June 24, 2017.
Was it over already?
The fun? The friendship? Socialization?
I went out of the wall and got hurt real quick and now I ensconced myself back inside that wall again. Refusing to get out again.
Have I make a fucking mistake again? I’m figuratively burying my head in my hands in mixed exasperation and shame.
I can’t even bring it up. I can’t type the details or I’d go rambling like mad, and it’s nicer to just spit it out to let go of the steam or whatever.
I feel too tired and lazy to get out. Even if I just have to just fucking sit on the family car, a few hours of socialization, heck they’re just with family members but I still don’t wanna.
I’m spiraling down the well. I knew. I know. I will.
I’ve cut ties again. I see them and I feel sad or angry or envious.
I’m just wondering how long would it take for me to waste away.
I’m nearing thirty.
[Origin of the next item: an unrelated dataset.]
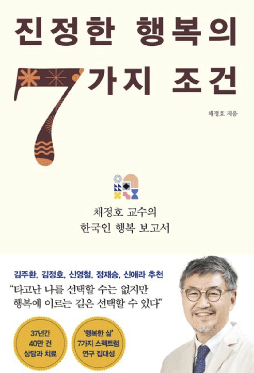 채정호 교수는 40만 건에 이르는 면담과 치료, 일반인 대상 수천 건에 이르는 심층 조사를 통해 삶에서 ‘웰빙’, 즉 진정한 행복을 이루게 하는 7가지 요소를 밝혀냈다. 책에서 소개하고 있는 7가지 요소는 이미 논문으로 수차례 발표한 바 있는 연구 결과를 대중적 시각으로 재구성한 것이다. 특히, 지나치게 성취지향적이고 스트레스 상황에 많이 노출된 한국인의 특성에 맞춰 기존 긍정심리학을 비롯한 여러 정신건강 이론들을 보완했다. 책에서 제시한 잘 사는 삶을 위한 7가지 요소를 통해 진정한 행복이 무엇인지, 어제보다 나은 오늘을 살려면 어떻게 해야 하는지 단초를 찾을 수 있을 것이다.

Well, two and a half years, to be exact.
I’m giving up hope of finding like-minded friends.
I’m giving up trust that I’d find that “zing” with someone.
I’m giving up my old dreams and just trudge on my current path in my career.
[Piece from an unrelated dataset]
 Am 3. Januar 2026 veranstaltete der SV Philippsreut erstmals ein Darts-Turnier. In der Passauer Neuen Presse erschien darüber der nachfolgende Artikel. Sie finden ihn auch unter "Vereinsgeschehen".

I’m just letting them go, letting them flow. Let the torrent of tears wash away everything that so far has only given me pain, until it erode my heart. My heart eroded. My mind washed clean.
I long for the day I’m an empty shell. But fuck it you’ll never know because my persona is so well-fucking-built you’ll never know until you see my eyes and I don’t know if you can peep at something or anything there.
This fucking cycle doesn’t seem to end, does it? I do hope it wear me out eventually.
Can someone really die early with a grievous heartache?
Would I even qualify, this coward who cowers at a paper cut?
This is a drag.
I hope that tiny white furball we adopted grows so fast I could hug him for real after two weeks. This one had made me happy so far.